After a decade of rapid growth at many public universities, expansion is slowing, and some campuses already are reducing enrollment strategically in hopes of improving the quality of graduates.
And the number of expected graduates from the state's high schools is expected to plateau for the next couple of years, which may help UNC officials justify the change in enrollment philosophy.
The public university system, which emphasized aggressive growth at many of its campuses throughout much of the 2000s, has seen a slowing of late.

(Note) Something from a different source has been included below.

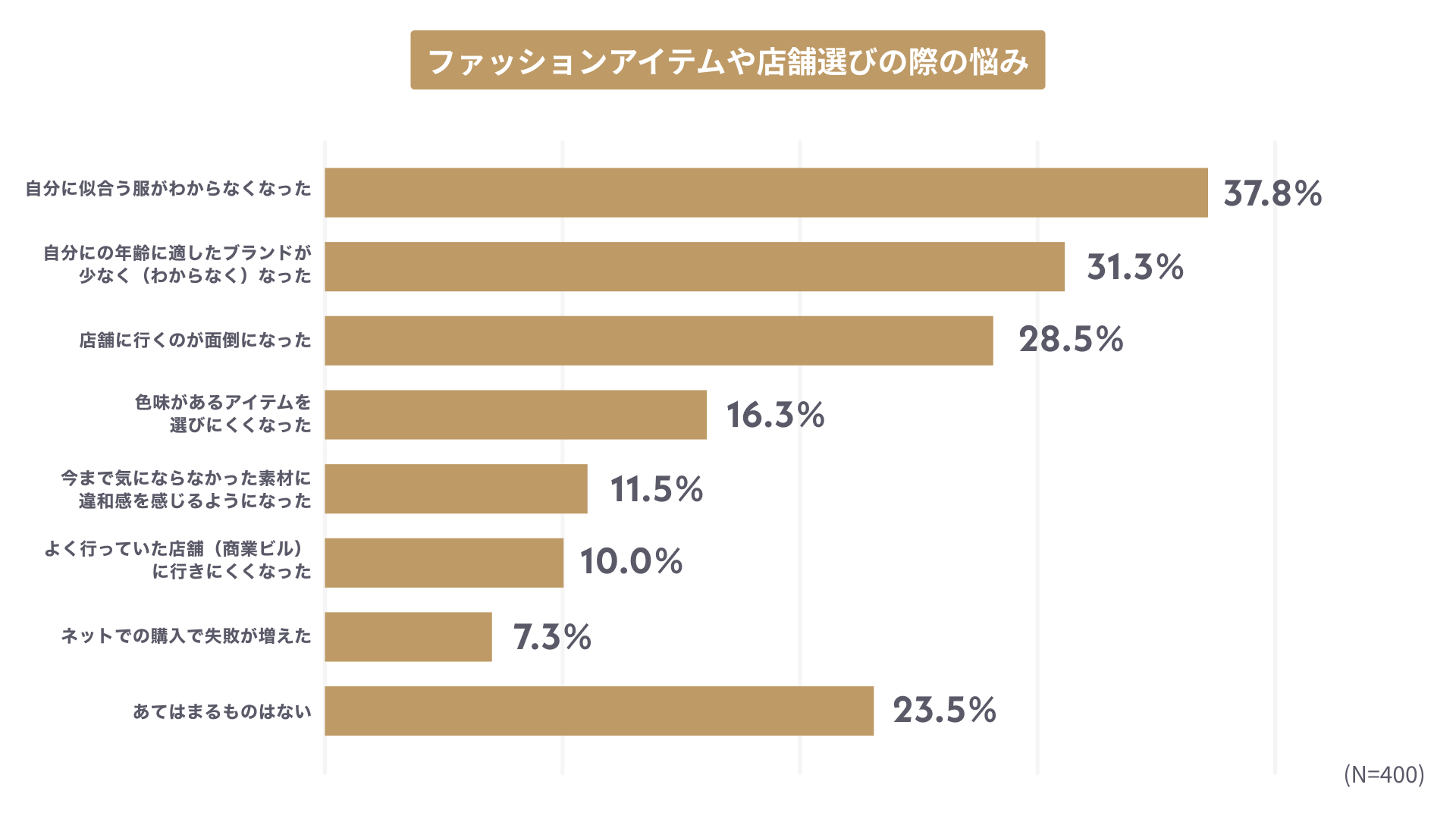 体型の変化により、多くの人がファッション楽しむことが難しいと感じていることが明らかになりましたが、体型変化に関わらず、歳を重ねたことでファッションアイテムや店舗選びに悩みが生じていることもわかりました。具体的な悩みTOPは「自分に似合う服がわからなくなった」で37.8%、次いで「自分の年齢に適したブランドが少なく(わからなく)なった」で31.3%という結果になりました。

Enrollment across the system grew just slightly: a 1.2 percent increase to about 211,000 students whose educations receive state subsidy. Twelve campuses grew from the previous year, but by no more than 557, or 1.6 percent, at N.C. State University. Fayetteville State University, UNC Greensboro, Western Carolina University and Winston-Salem State University reduced enrollment. UNC-Chapel Hill's total enrollment grew by 474 last year; UNC Charlotte added 362.
Those that are growing are doing it differently. The total number of new freshmen dropped 1.9 percent in fall 2010, but the number of transfer students swelled as campuses targeted better-prepared students.
Consider the current strategy at N.C. Central University in Durham: In the fall, that campus expects to enroll about 100 fewer freshmen than the 1,350 it welcomed last year - a move officials hope ultimately saves money and boosts graduation rates.
Enrolling fewer freshmen eases a campus housing crunch and relieves some stress on remedial programs that many first-year students need.
While reducing its freshman enrollment, NCCU is partnering with local community colleges to find students with two years of college and better study skills. In an era of limited funds, it makes sense to focus on students who are better bets to graduate, NCCU Chancellor Charlie Nelms said.
"Fundamentally, I'm opposed to limited access to education," he said. "Pragmatically, if there are limited resources, you have to make some sacrifices. I'd rather maintain a modicum of success while retaining some level of quality."
Access is being restricted for some UNC-CH graduate students as well. There, the nursing school is cutting next year's enrollment by 25 percent, and the school of social work has decided not to accept two new classes of master's degree students to an online program serving the western part of the state.
Of course, if fewer students can attend public universities, they have to go somewhere. For many, a likely destination is one of the state's 58 community colleges, a system already straining under a staggering increase in demand over the past several years.
Even as its budget was being cut, the state's community college system saw enrollment increase 25 percent over the last three years.
And because community colleges have an open-door policy, some campuses have scrambled to keep up with demand.
Edgecombe Community College, for example, had to rent 100 extra chairs last year because demand was so high, said Sharon Morrissey, vice president of academic affairs and student services for the community college system. "Students were pouring in," she said.
If the UNC system turns students away, the community colleges may need to rent more chairs. They may need more rooms, too.
"I think capacity will be an issue," Morrissey said. "We'll keep trying to do everything we can. Eventually, you reach a breaking point."